How to Boost Your Topic-Modeling Performance with Coreference Resolution

Improving the accuracy score from 83% to 93% to identify land conflict topics in news articles.

Published in

Omdena

4 min readNov 26, 2019

Hugging face coreference system in operation with my own example. Try it for yourself!

As a Junior Data Scientist, my Machine Learning journey thus far has led me to NLP challenges which involved good old’ fashioned text-classification. So, I was enthused when Omdena presented an opportunity for me to broaden my skill-set and delve into an aspect of NLP I was not familiar with.

After applying to Omdena, I was accepted as a Machine Learning Engineer to collaborate in their AI for Good challenge with the World Resources Institute.

The challenge

Identifying environmental conflict events in India using news media articles.

Part of this project was to scrape news media articles to identify environmental conflict events such as resource conflicts, land appropriation, human-wildlife conflict, and supply chain issues.

With an initial focus on India, we also connected conflict events to their jurisdictional policies to identify how to resolve those conflicts faster or to identify a gap in legislation.
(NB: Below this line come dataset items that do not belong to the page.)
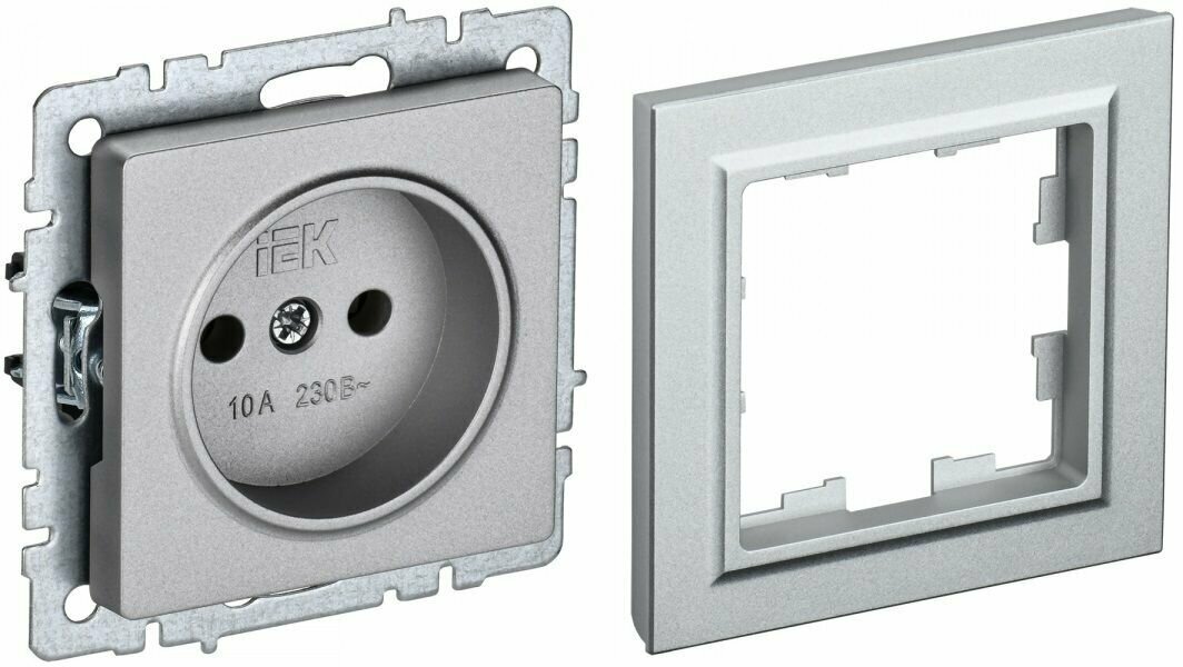 IEK BRITE Розетка 1-местная без заземления без защитных шторок 10А РС10-1-0-БрА алюминий
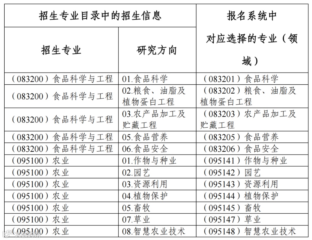 2.中国农业科学院2025年新增(0832)食品科学与工程博士学术学位授权点与(0951)农业博士专业学位授权点,2025年均按照一级学科/学位类别进行招生,一级学科/学位类别下设研究方向。在博士报名系统中,根据不同的研究方向,需选择对应的专业(领域)进行报名(见下表):
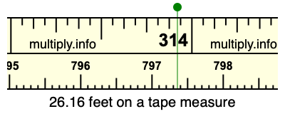 26.16 feet times 12 equals 313.92 inches. Therefore, 26.16 feet is at the 313.92 inches place on the tape measure, as displayed below.
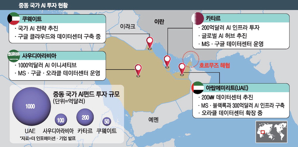 글로벌 AI 투자 불확실성UAE 데이터센터 등 드론 공습해저 핵심 통신망도 공격 노출오일머니로 AI 투자 나선 중동구글 등 빅테크와 협력 빨간불투자계획 연기·재검토 할수도
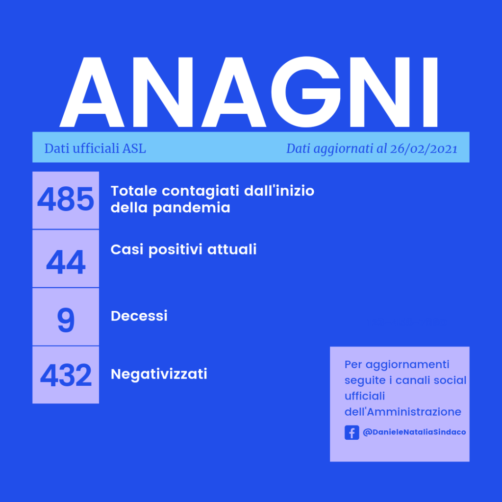 “Nonostante il numero di positivi attuali sia relativamente contenuto rispetto ad altre zone della nostra Provincia, non dobbiamo abbassare la guardia ed anzi è ora, in un momento oggettivamente difficile per tutti, che bisogna rispettare maggiormente le regole. Così il sindaco Daniele Natalia, che rende noti i dati ufficiali ASL aggiornati a ieri sulla situazione epidemiologica ad Anagni.

Part of the pipeline in building this Language Model was a semi-supervised Topic Modeling task whose process and the outcome is detailed below.

How-To Identify Land Conflicts in India Through NLP Semi-Supervised Topic Modeling

Semi-supervised learning to identify topics in articles of land conflicts with a model accuracy of 93 percent.

medium.com

In short, in order to make this Topic Modelling model robust, Coreference Resolution was suggested as one of the possible additions.

I took the initiative to work on this task and was later elected as the Task Manager.

The team consisted of 27 other collaborators ranging from data wranglers to data engineers, and machine learning engineers. Together we were ready to contribute!

Where to begin? Research.

Since I had no experience with Coreference Resolution, I knew my best starting point, as it is with most projects, would be researching this topic.

What exactly is Coreference Resolution?

Coreference resolution is the task of finding all expressions that refer to the same entity in a text (1)

I like to explain using practical examples, a real example featuring my son :)

“My mom is the best!”, said Hamza, “She wakes me up, makes me healthy food then she lets me eat junk food”.

Entities: “Hamza”, “my mom”.
Expressions which refer to “Hamza”: “My”, “me”, “me”, “me”.
Expressions which refer to “my mom”: “She”, “she”.

Pretty simple!

Use Cases

In the context of this project, Coreference Resolution could be best used in order to enrich downstream topic modeling by replacing references with the same entity in order to better model the actual meaning of the text. This increases the Tf-Idf of generalized entities and it removes ambiguous words that are meaningless for classification.
Another use-case would be to use the Coreferenced text data as additional features, along with Named Entity Recognition tags, in any classification approach. A one-hot-encoded version of unique entities can be used as input to factorization machines or other approaches for spare modeling.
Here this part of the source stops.